I also checked with the fire extinguisher guy, and he reckons that we were lucky the room was an hour outside of working hours, because the roof was just ceiling tiles and should never had been fitted with this strange fire system... Despite his being from the same company!... Basically most all the halon had exited via the ceiling tiles!

Two twenty hour days after all this I had one clean Compaq server, one clean rack and enough ethernet connections to put one patch panel and the server back online, this let our users stop moaning about how slow things were.

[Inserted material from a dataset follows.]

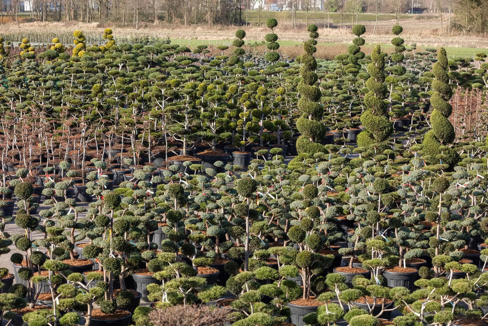 Die Baumschule hat eine Gesamtfläche von 180 Hektar. Auf ca. 35 Hektar züchten wir für Sie eine große Vielfalt an Gartenbonsais und Formgehölzen. Jeder von ihnen ist ein einzigartiger Blickfang für den Garten.

The other Compaq, the one closest the mess, was going off to be re-cased, the damage was so bad, but the unit itself worked.

We also now had a new fire safe, as the original had proven to not be smoke proof!

And I had a new certification on the walls being fire proof.

It took three months to recover from this, my end report to the owners, was that it'd cost about £8,500. Not a bad deal considering the whole rebuild of the whole room would have been £40K+

I'd instigated better carpet, better ceiling, better procedure, and I had the brand new branded, supported, service contracted UPS in the bottom of the rack.

The final wash down, was the UPS which had failed, was known to be bad, three weeks before it'd gone up, the site manager had had it out and replaced two of the four battery cells within with a pair he'd bought cheap, he'd done this himself, I was not even aware, and he'd had the bottle to charge the company twice for the batteries, pocketing the difference.

Embezzlement, bad attitude, bad procedures and simply his considering me below him, resulted in his dismissal soon after.

He was the first person I enjoyed firing, he was the first person I'd actually had to actively fire from a role for incompetence, and he was the last person I let dictate to me where kit in a rack sat.

All for the placement of a UPS in a rack...

(Paul, Andy, Max if you recognise this story, you know you were a big part of that clear up, but you were in London, Leicester and Morocco... I was up to my arm pits in that mess!)